Pictures do not belong in your copy. Repeat all the other data exactly.

┏━━

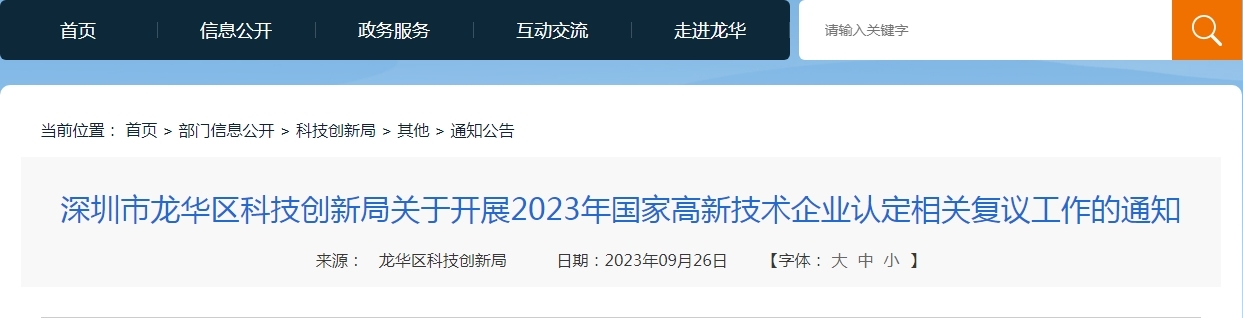 深圳市2023年国家高新技术企业认定第五批次申报工作即将结束,根据深圳市科技创新委员会有关通知要求,龙华区科技创新局负责受理2023年龙华区国家高新技术企业认定复议推荐相关工作,现将有关事项通知如下:
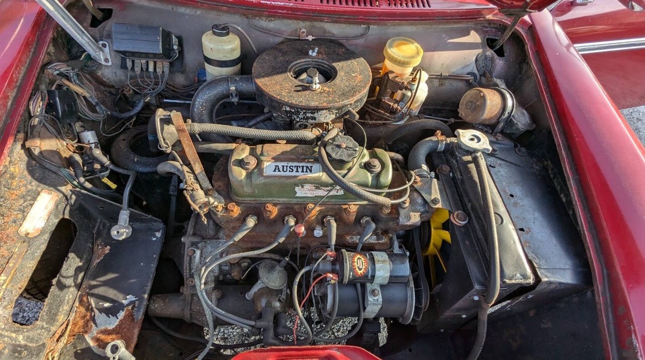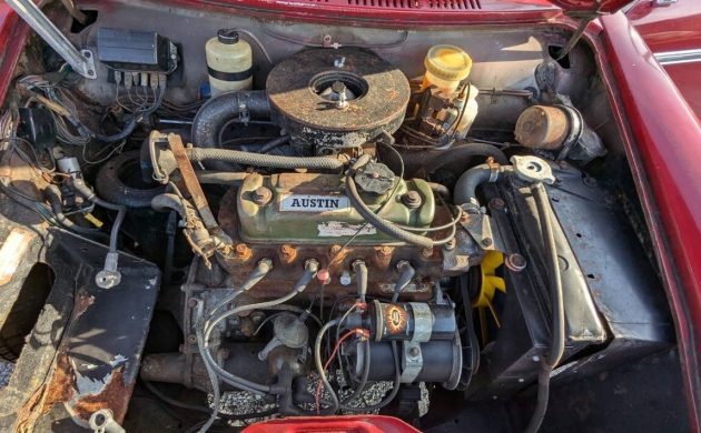 The car that became known as the Austin America was marketed globally wearing a range of different badges. It was popular in its home country but was also assembled for local sales in a wide selection of nations including Australia, South Africa, Portugal, and Yugoslavia, to name a few. This 1969 example is an unmolested vehicle that was ordered by its first owner in Damask Red. Its history is unclear, but we know it has hibernated for a few years due to a mechanical malady. The paint looks surprisingly respectable and may respond positively to polish if the new owner wishes to protect its survivor credentials. The great unknown lurks below the surface, because there is no indication whether there could be rust issues for the buyer to address. However, the company was very particular about its rust-prevention strategies, and with the car recently emerging from dry storage, the visible surface corrosion in areas like the engine bay might be the worst of its problems. The trim is in good condition, and the glass is clear.
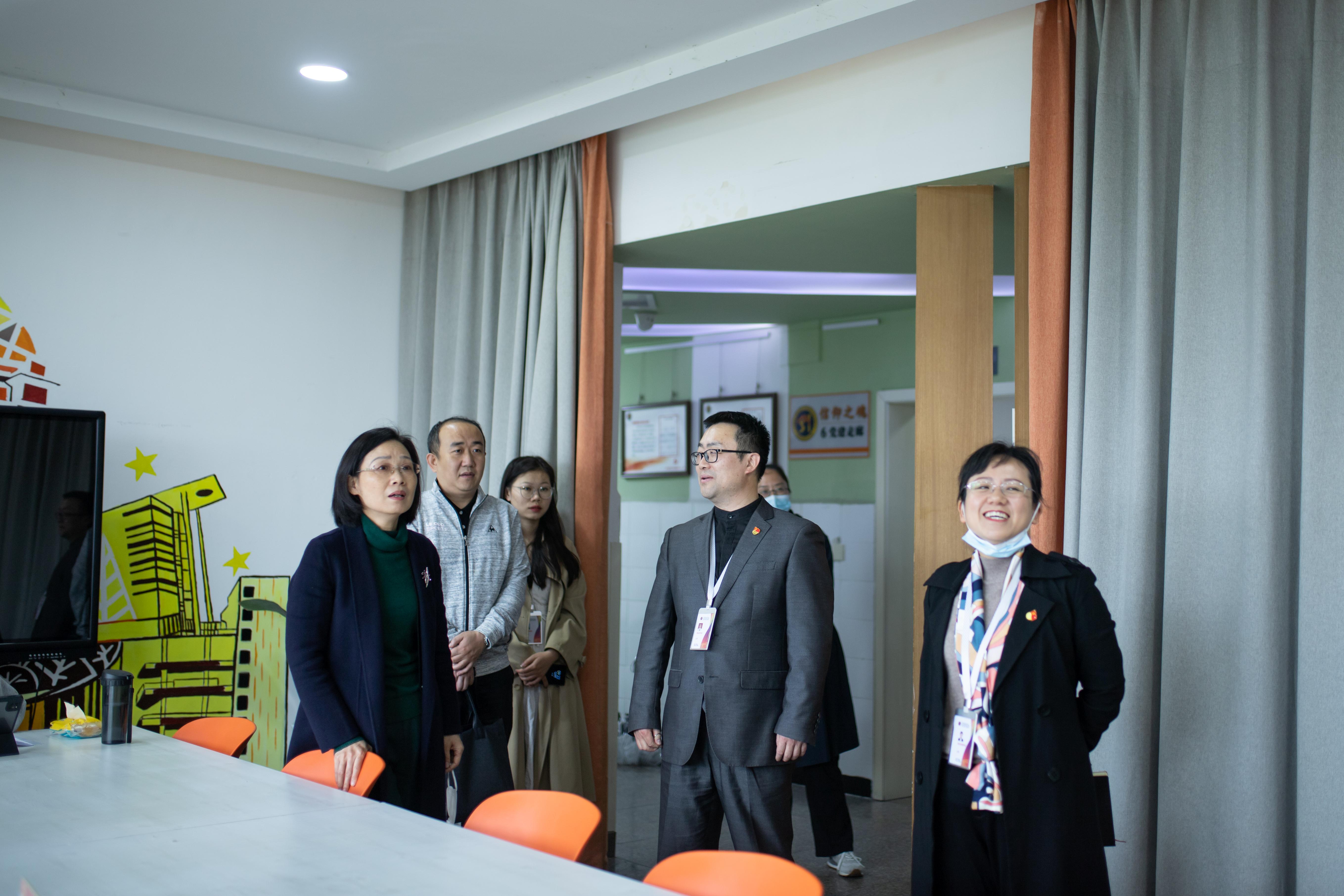 杨爱华副书记一行从一楼审美走廊开始,向学院甘霖书记详细了解了唐臣书院分别以党建、科技、心理健康、唐臣精神、国学为内涵的各楼层主题走廊设置以及党员课堂、科创空间、心灵家园、唐臣学堂、孔子学堂、唐臣文化驿站等公共区域的使用情况,对唐臣书院“一站式”服务管理和“六横一纵”环境育人的整体设计表示赞赏,对走廊照明灯亮度这一细节提出建议,希望可以保持宿舍走廊常明常亮,减少因灯光亮度不足对同学心理造成的影响。
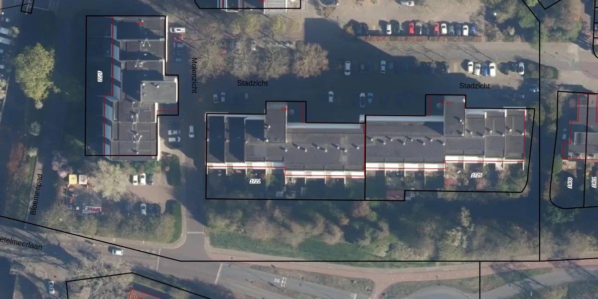 Het perceel waarop Stadzicht 44 staat heeft een oppervlakte van 1525 m². Dit is een zeer groot perceel. De perceeloppervlakte wordt geregistreerd door het Kadaster. Gedetailleerde informatie over de maten van dit perceel kunt u vinden in het rapport Kadastrale kaart met maatvoering van Stadzicht 44.
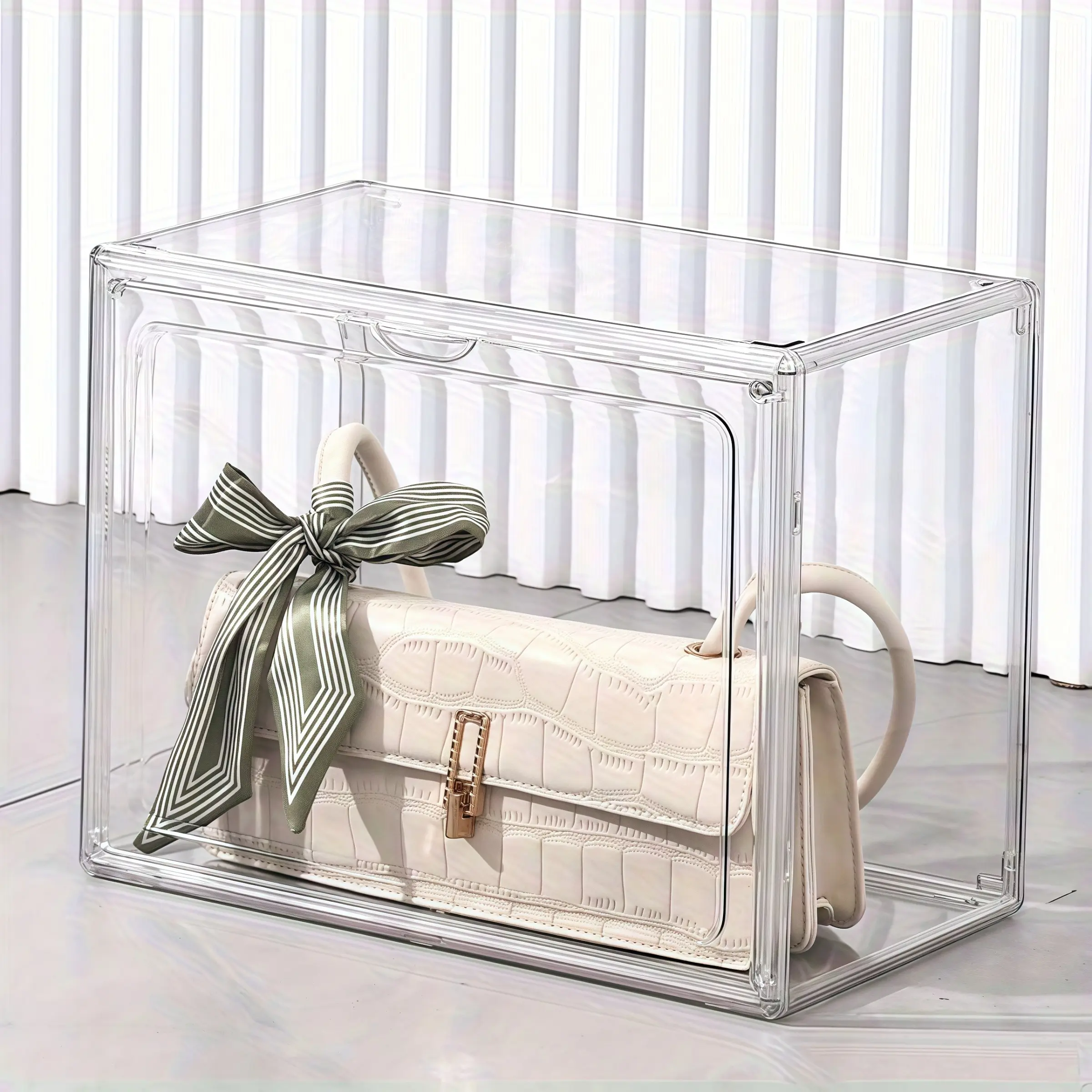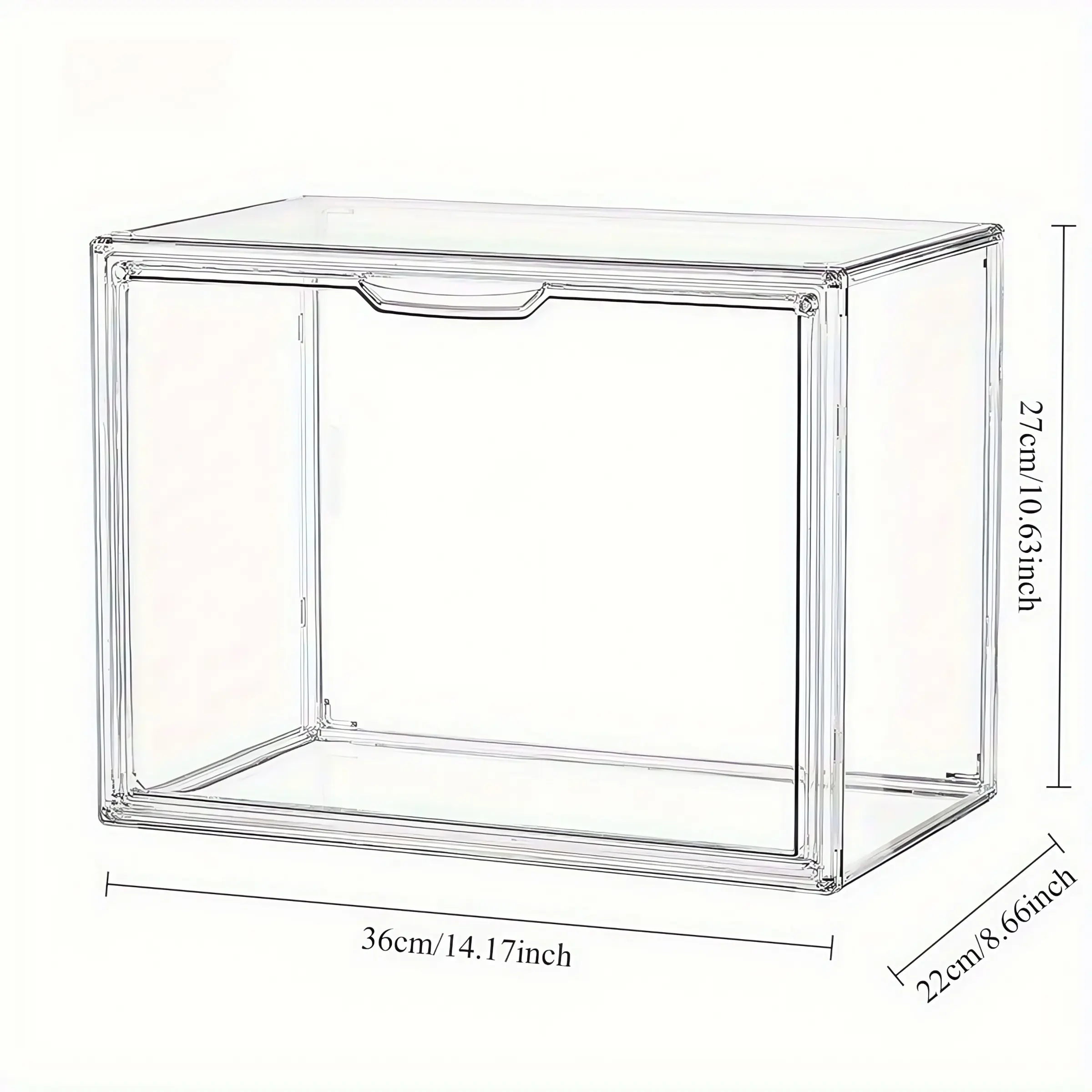 Transparent Stackable Plastic Display Storage Box, Dustproof Acrylic Organizer for Dolls, Books, Shoes, Bags, Skincare (36x27x23 Cm)

┗━━

Response
 深圳市2023年国家高新技术企业认定第五批次申报工作即将结束,根据深圳市科技创新委员会有关通知要求,龙华区科技创新局负责受理2023年龙华区国家高新技术企业认定复议推荐相关工作,现将有关事项通知如下:
 The car that became known as the Austin America was marketed globally wearing a range of different badges. It was popular in its home country but was also assembled for local sales in a wide selection of nations including Australia, South Africa, Portugal, and Yugoslavia, to name a few. This 1969 example is an unmolested vehicle that was ordered by its first owner in Damask Red. Its history is unclear, but we know it has hibernated for a few years due to a mechanical malady. The paint looks surprisingly respectable and may respond positively to polish if the new owner wishes to protect its survivor credentials. The great unknown lurks below the surface, because there is no indication whether there could be rust issues for the buyer to address. However, the company was very particular about its rust-prevention strategies, and with the car recently emerging from dry storage, the visible surface corrosion in areas like the engine bay might be the worst of its problems. The trim is in good condition, and the glass is clear.
 杨爱华副书记一行从一楼审美走廊开始,向学院甘霖书记详细了解了唐臣书院分别以党建、科技、心理健康、唐臣精神、国学为内涵的各楼层主题走廊设置以及党员课堂、科创空间、心灵家园、唐臣学堂、孔子学堂、唐臣文化驿站等公共区域的使用情况,对唐臣书院“一站式”服务管理和“六横一纵”环境育人的整体设计表示赞赏,对走廊照明灯亮度这一细节提出建议,希望可以保持宿舍走廊常明常亮,减少因灯光亮度不足对同学心理造成的影响。
 Het perceel waarop Stadzicht 44 staat heeft een oppervlakte van 1525 m². Dit is een zeer groot perceel. De perceeloppervlakte wordt geregistreerd door het Kadaster. Gedetailleerde informatie over de maten van dit perceel kunt u vinden in het rapport Kadastrale kaart met maatvoering van Stadzicht 44.
 Transparent Stackable Plastic Display Storage Box, Dustproof Acrylic Organizer for Dolls, Books, Shoes, Bags, Skincare (36x27x23 Cm)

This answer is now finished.